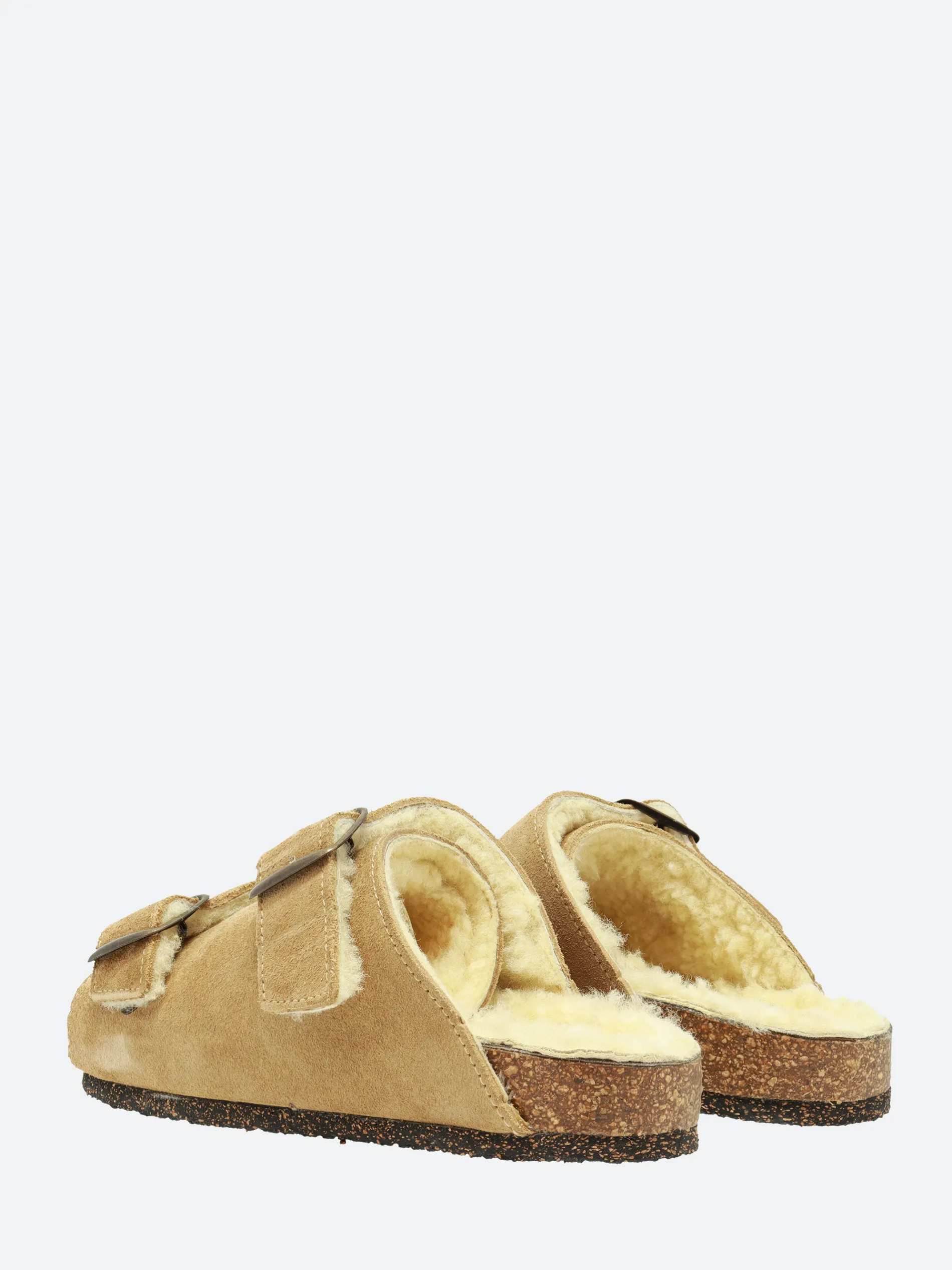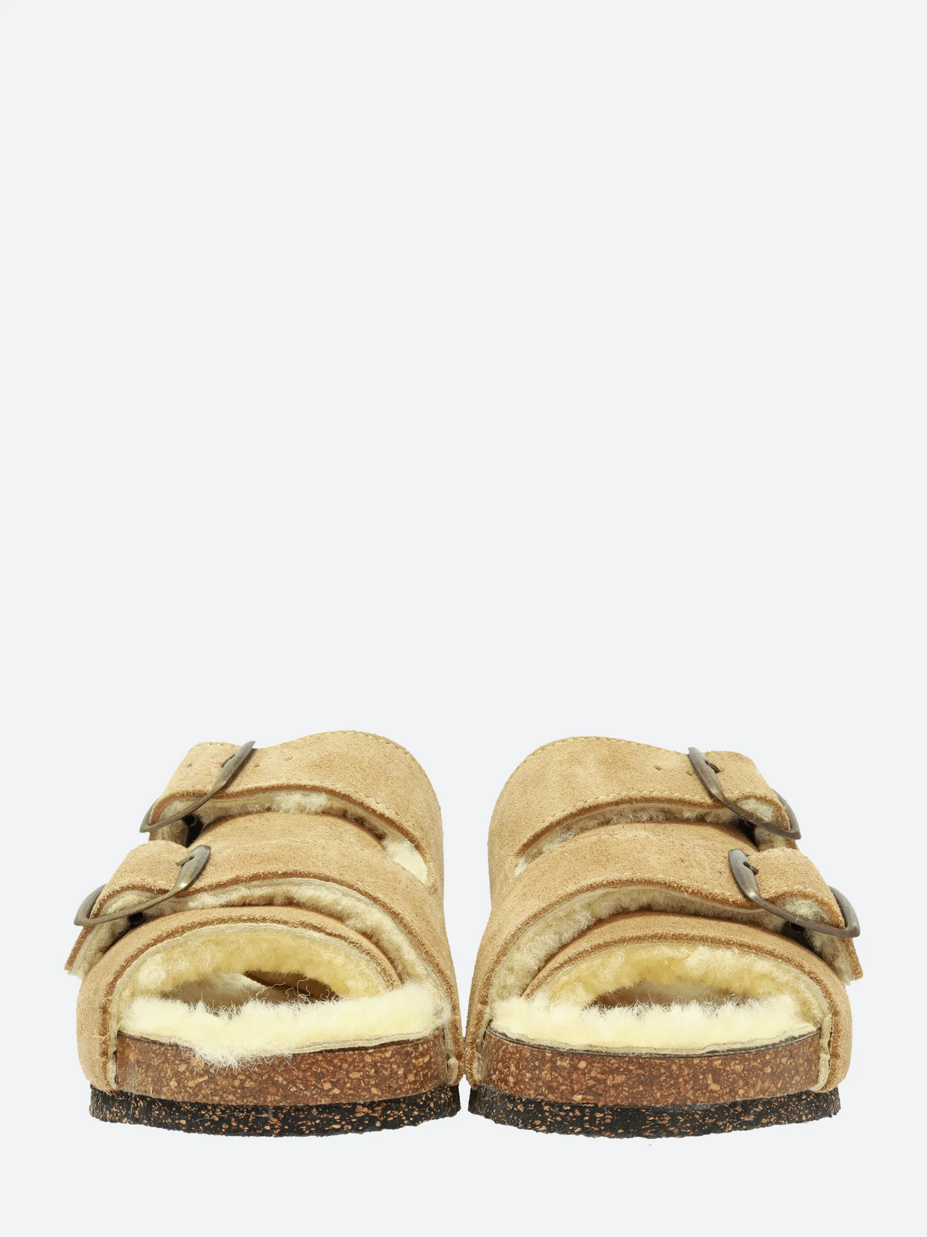 Sandal with nubuck leather upper and sheepskin leather insole.
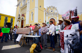 ◀ Integrantes de la Coordinadora Nacional de Organizaciones Cafetaleras protestaron en Xalapa por la
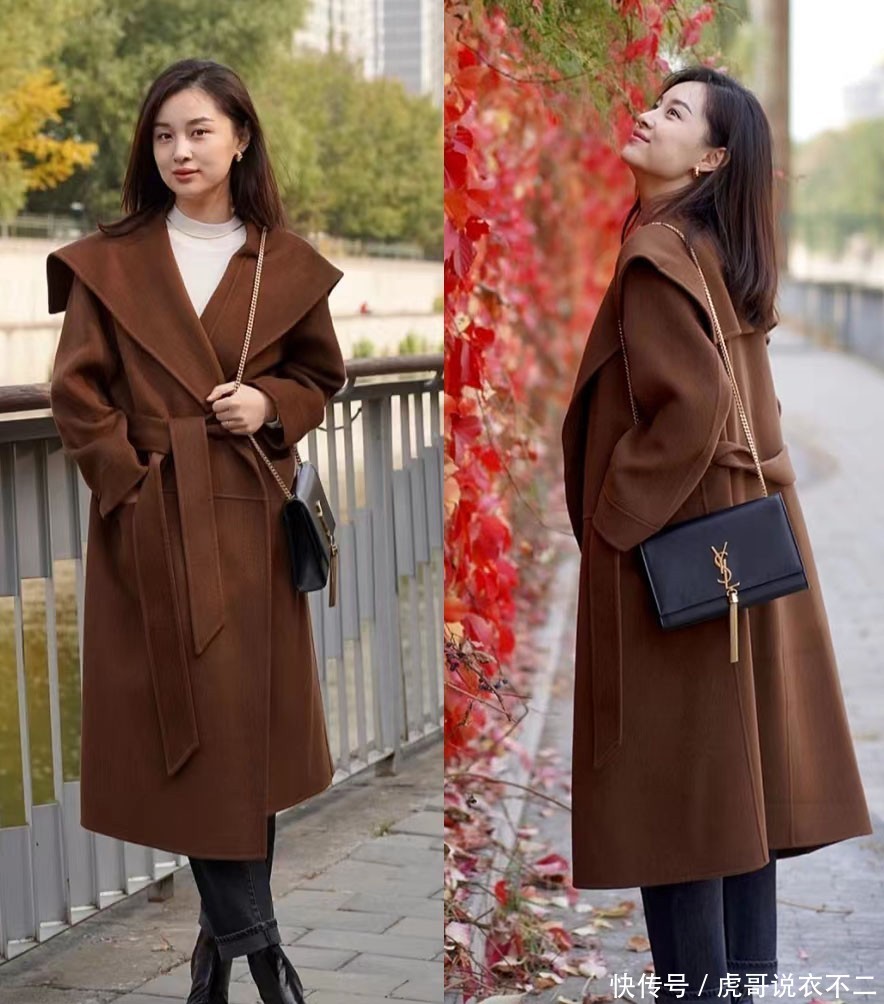 例如上图这件深棕色的大衣,可以将其作为营造氛围感的一种时尚利器,既能映衬出中年时代的大气感,还能带来些许的温暖,构造出复古知性的格调。

• Directions for this task
Print the lines from the one that contains "Xalapa por la" through the last line of the data, exactly and in full, and no other lines. Pictures are not part of the copy.

• Answer box
 ◀ Integrantes de la Coordinadora Nacional de Organizaciones Cafetaleras protestaron en Xalapa por la
 例如上图这件深棕色的大衣,可以将其作为营造氛围感的一种时尚利器,既能映衬出中年时代的大气感,还能带来些许的温暖,构造出复古知性的格调。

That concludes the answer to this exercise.